Welcome to the world second son!
On 12th April my second little boy made his entrance to the world. I had been looking after myself in the hope of having a natural birth after an emergency cesarean section with my first son, but nature had other ideas, as it does a lot of the time. Unfortunately I suffered a placental abruption and haemorrhage and was rushed to theatre for a second emergency section to save both me and my boy.
Thankfully due to the medical professionals I handed us both over to, we made it through that stage, but nature hadn't finished with us just yet. I think due to the speed and abruptness of his arrival, my little man seemed to forget he had been born and stopped breathing. Again the wonderful doctors and midwives worked their magic and they brought him back to us. He required a short stay in special care but after 4 days we were both allowed home and are now well on the road to recovery.
I have realised a lot since this experience and most of it about how precious life is. Before this, I didn't seriously consider that life could be snatched away in a moment. We were told at the hospital had I been even half an hour later arriving it could have been much more serious, and I felt fine, I had no idea.
I've also been much more aware of my recovery. Firstly having my strength sapped out of me from the one procedure and feeling it slowly return day by day. As unfortunate as it was that my boy was in the special care unit and we were separated, it made me fight that bit more to make the journey to the unit as soon and as often as I could, at first in a wheelchair, then at a slow shuffle, until I could do that walk confidently on my own. It has made me more aware of the importance of exercise in keeping your body going and doing all the things you want to do. Had I just lain in bed, as I could easily have done, I would have missed out on even more time with my son and I probably would have been in hospital a lot longer. As it was, by the day I came home, I was barely needing any pain relief and could do most things for myself again.

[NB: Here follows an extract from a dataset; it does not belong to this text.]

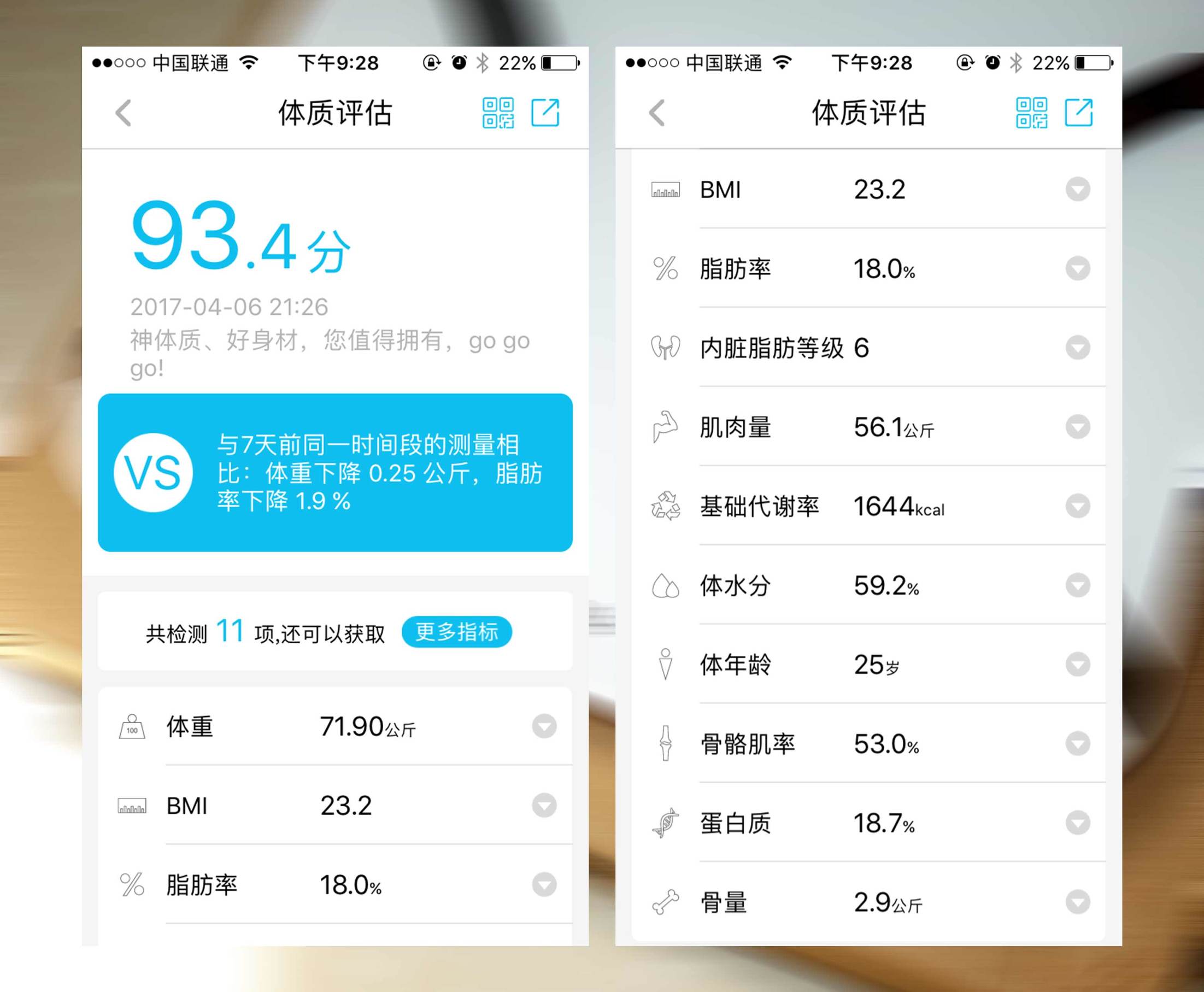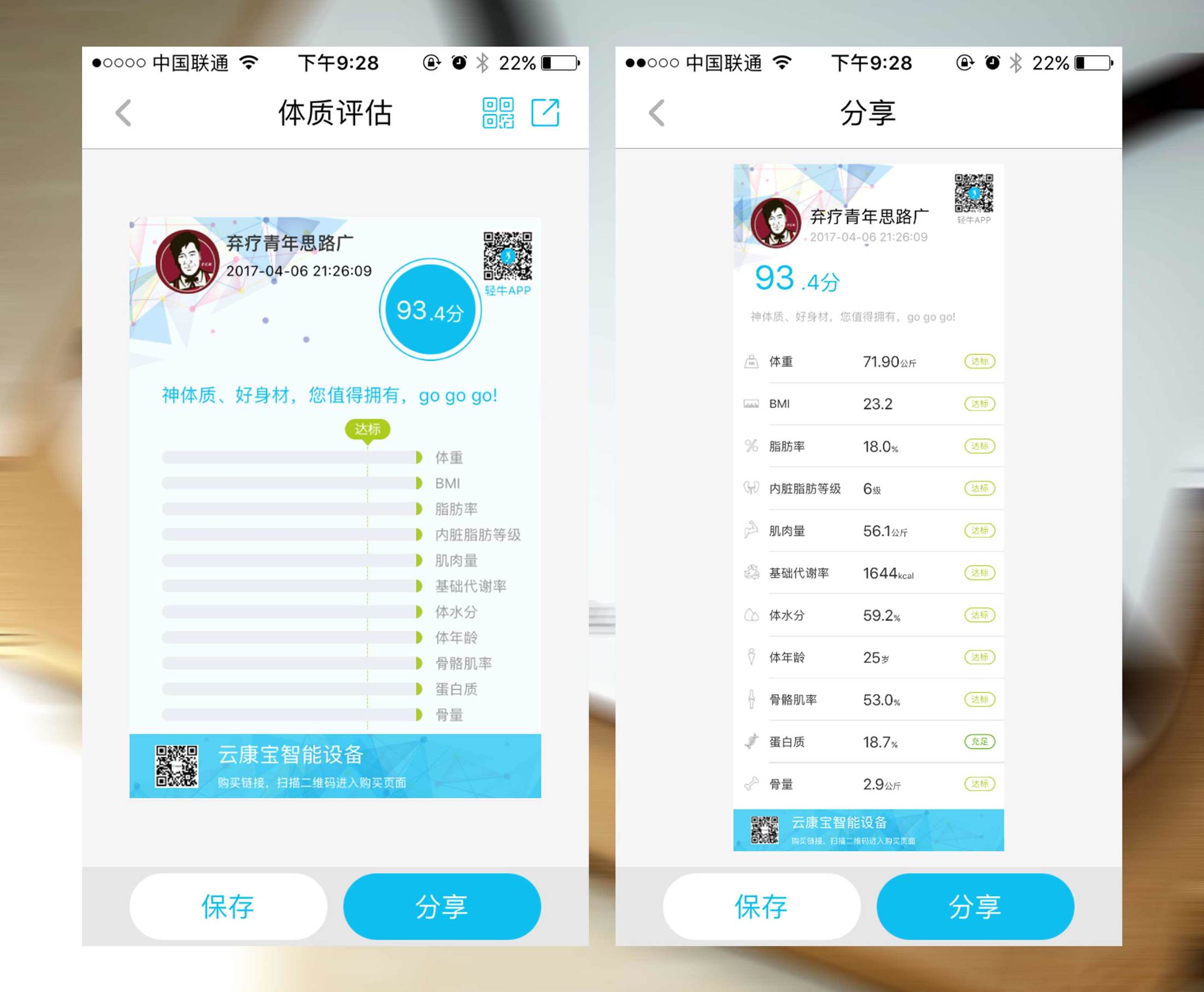 ↑测量完身体数据后还可以分享到朋友圈、微信等炫耀一番成绩,随时与好友共同感受减脂的成果。

While my recovery this time has been going really well, I haven't come through it unscathed. I will never give birth naturally now and never know what that feels like. While it is disappointing, I am grateful that I have and still can have children at all, although I now know not without some risk. I also have become more aware of my own mortality, which is a scary thing to face, but I am more determined than ever to look after myself as much as I can to prevent any risk I have control over myself. Life is precious, why endanger it further by being unhealthy? I want to live a long life with my family and the best way to help that happen is to look after myself.
I also want to add that I wouldn't have recovered as quickly as I am doing without the support of my family, but especially my husband. He has looked after me so well and really helped me recover at my own pace by taking so much of the pressure off me. I honestly couldn't have got through this without him.

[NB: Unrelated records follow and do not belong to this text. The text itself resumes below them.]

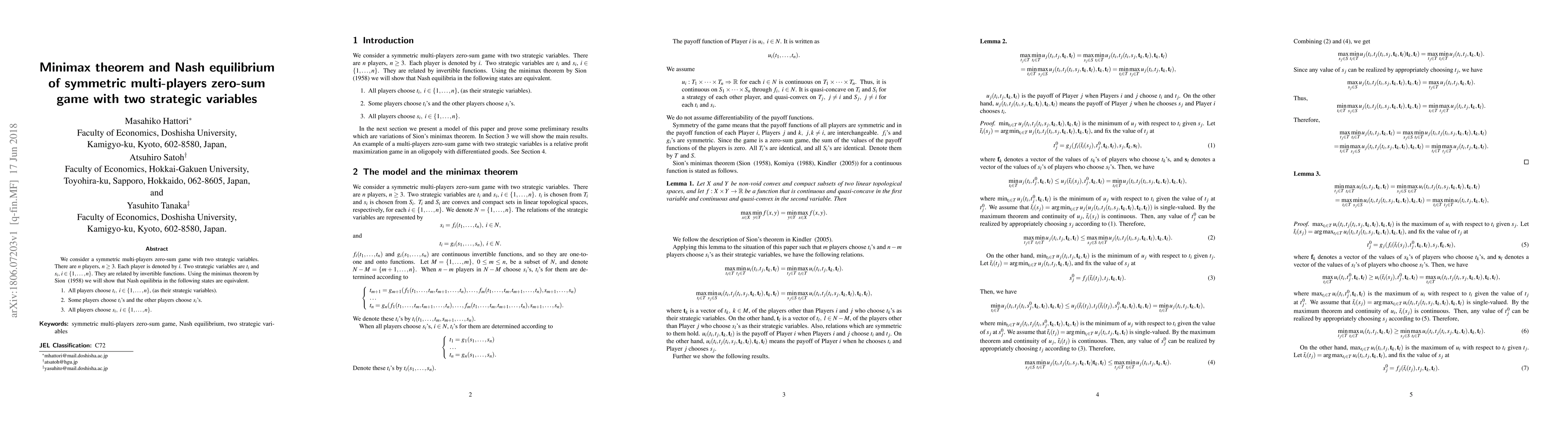 We consider a symmetric multi-players zero-sum game with two strategic variables. There are $n$ players, $n\geq 3$. Each player is denoted by $i$. Two strategic variables are $t_i$ and $s_i$, $i\in \{1, \dots, n\}$. They are related by invertible functions. Using the minimax theorem by \cite{sion} we will show that Nash equilibria in the following states are equivalent. 1. All players choose $t_i,\ i\in \{1, \dots, n\}$, (as their strategic variables). 2. Some players choose $t_i$'s and the other players choose $s_i$'s. 3. All players choose $s_i,\ i\in \{1, \dots, n\}$.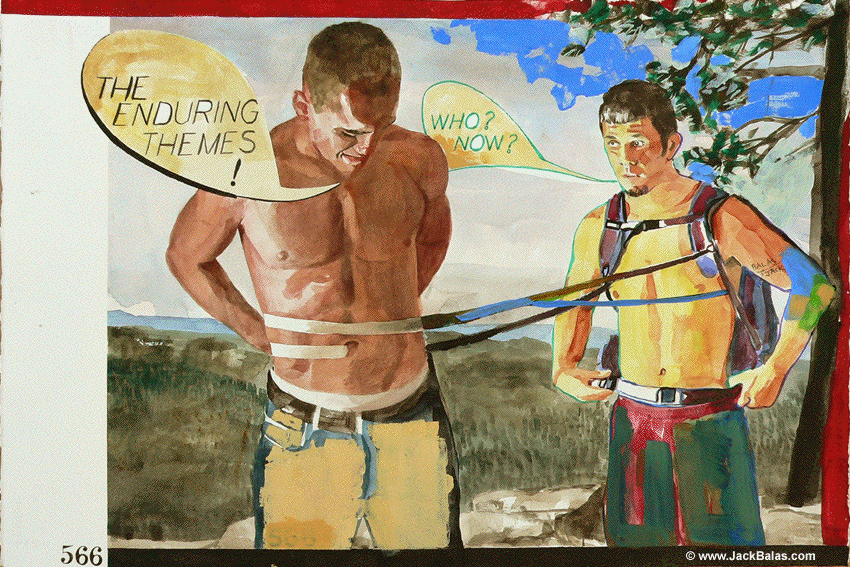 Jack Balas, 2011; THE ENDURING THEMES (#566); watercolor, ink and acrylic on paper; 15" x 22.5"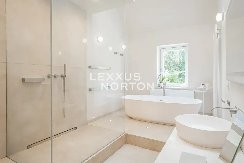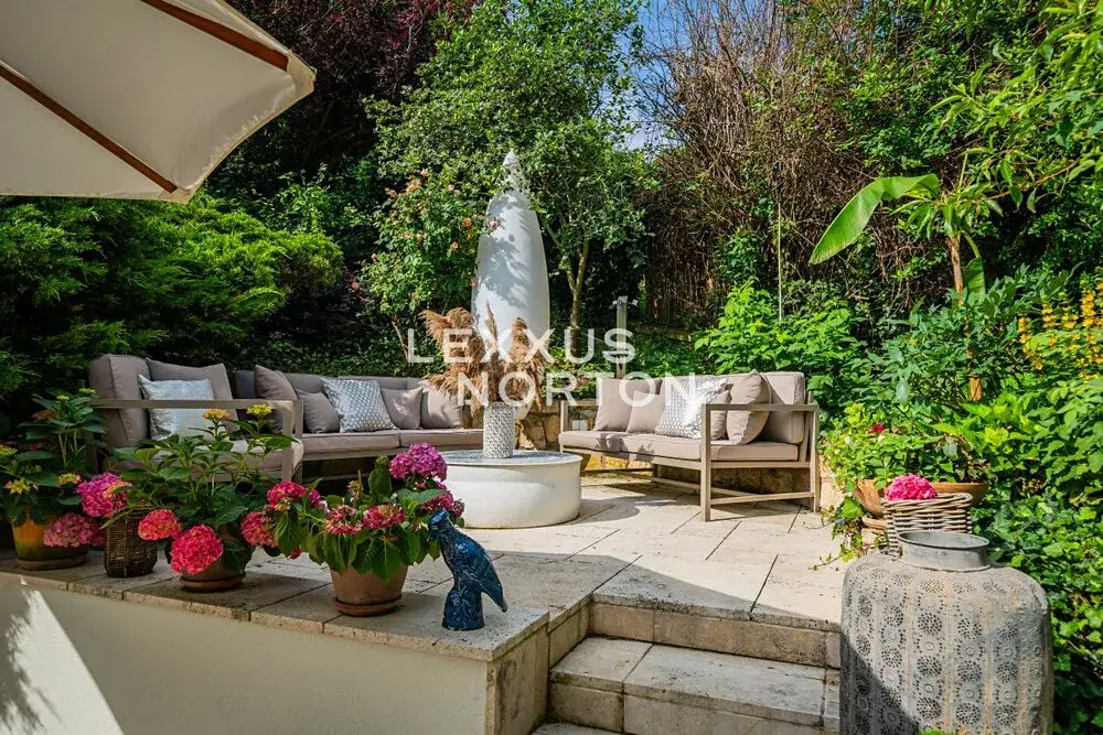 Při rekonstrukci byl kladen důraz na přírodní materiály a propojení interiéru s exteriérem. Travertin, masivní dřevo, vzrostlé stromy, okrasné keře, exotické palmy — vše tvoří harmonickou zahradní oázu, která nabízí klid a soukromí po celý rok. Na pozemku je také prostorný zahradní dům s vytápěním a elektřinou.

So with my new motivation, the next part of my healthy lifestyle begins. It's been odd watching my body grow so big again, (before I gave birth I had put on all of the 3st 10lbs I'd lost) and then watching it receed again in a matter of weeks. At the moment I am left with approximately 1st 7lbs to lose to get back to my pre-pregnancy weight but I'd like to lose a little bit more this time.
While I am determined to be healthy, I am still getting my strength back. Recovering from major surgery while not sleeping more than 3-4 hours uninterrupted, and also breastfeeding which can burn over 900kcals a day, is making it difficult as I am exhausted. My general diet is OK, I'm just snacking a bit more than I'd like. They're not too bad snacks on their own but I'm probably having too many! Plus the occasional take away has snuck in when I'm too tired to cook.
I have a new appreciation for the benefits of exercise too and when I have the energy I'm trying to get up and move around. At the moment it's just the occasional walk to the shops or the park, but I'm keen to get back to running as soon as I can. I initially thought that I couldn't do it for 6 months following a section but after some research I've learned that if the doctor gives me the ok at my 8 week check, I can start then if I feel up to it. Until then I need to build my strength and fitness with lots of walking, and if I feel able, some gentle yoga or pilates. I hopefully shouldn't have too much to make up as I was still doing weekly zumba until 2 weeks before I gave birth and had only stopped work 5 days before!
I have also, probably naively, set myself the goal of doing the 5k Race For Life for the fourth time this year, about 2 months after giving birth. I would like to run it but that is looking less likely as I'll have only just had my 8 week check, at the moment I will be happy just to walk it. But either way, it's giving me motivation to get my strength back and a target to aim for.
I still have my Facebook group Happy Healthy Honeys, but up until my 'maternity leave' interest in the current format was definitely waning. I'm planning to move the group away from the diet group it was with weekly updates etc to it being a place to share anything to do with living a healthy lifestyle such as motivating quotes, interesting articles, ideas for exercise plans, recipes, etc etc.